DATASET CONTENT:
BEGIN
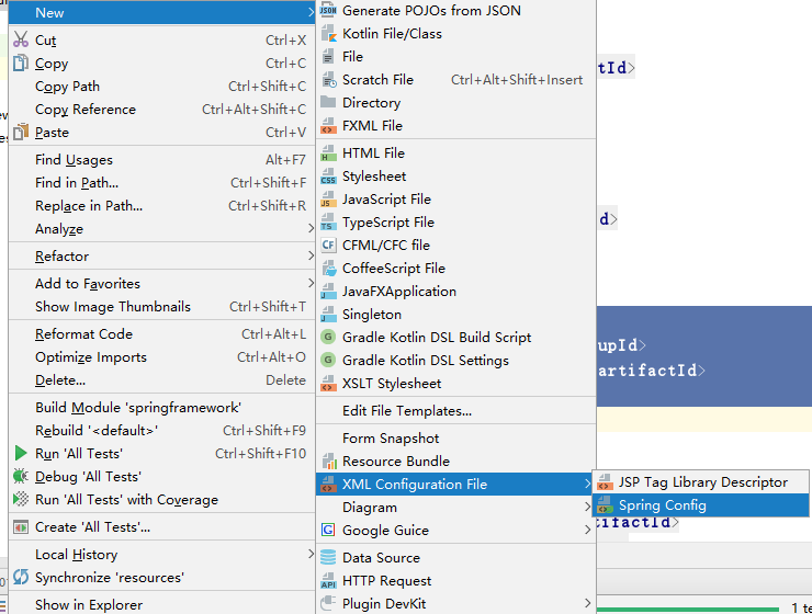 创建配置spring配置文件(注意是在resources目录下创建)
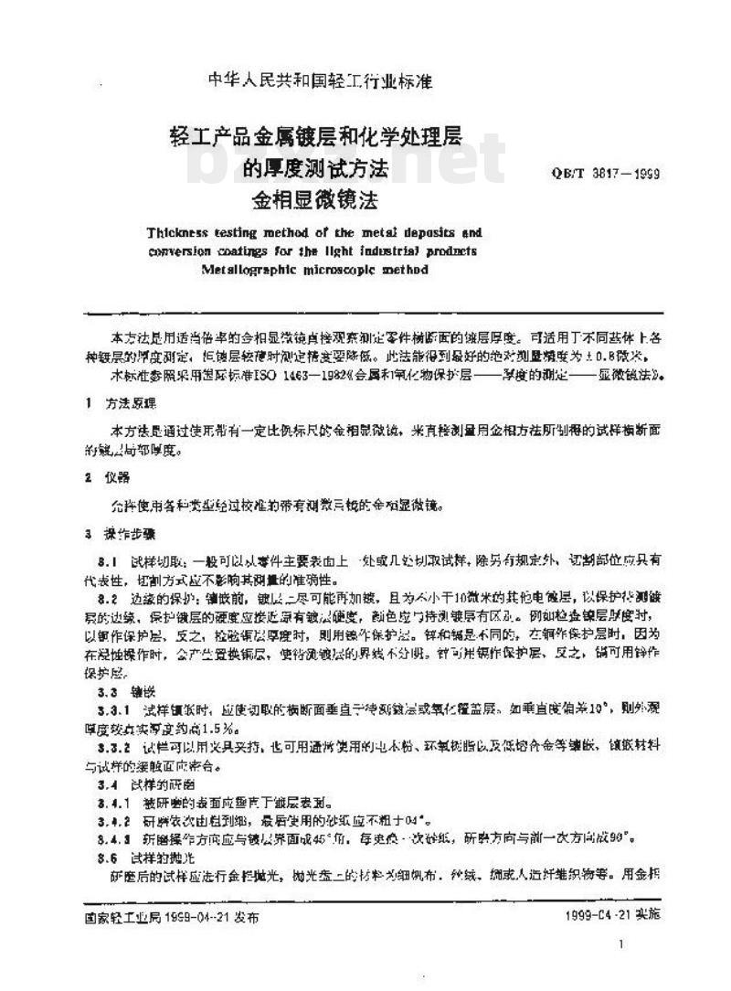 QB/T 3817-1999.Thickness testing method of the metal deposits andconversion coatings for the !ightindustriai products Metallographlc microscopic method
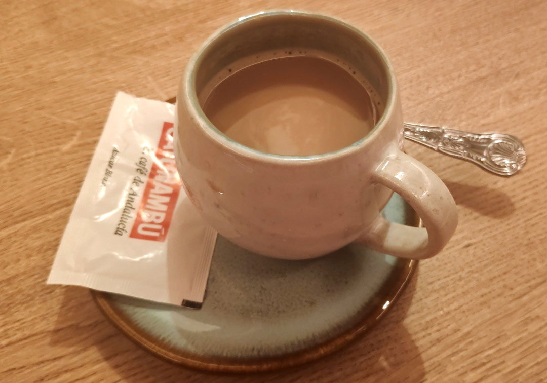 un cortado normal y dos tés, de menta y verde. Cada bebida la cobran a
END
EXERCISE REQUIREMENTS: Set down nothing but the lines from the one containing "QB/T 3817-1999.Thickness testing" to the final line above, both included, with every picture left out.

WRITTEN RESPONSE:
 QB/T 3817-1999.Thickness testing method of the metal deposits andconversion coatings for the !ightindustriai products Metallographlc microscopic method
 un cortado normal y dos tés, de menta y verde. Cada bebida la cobran a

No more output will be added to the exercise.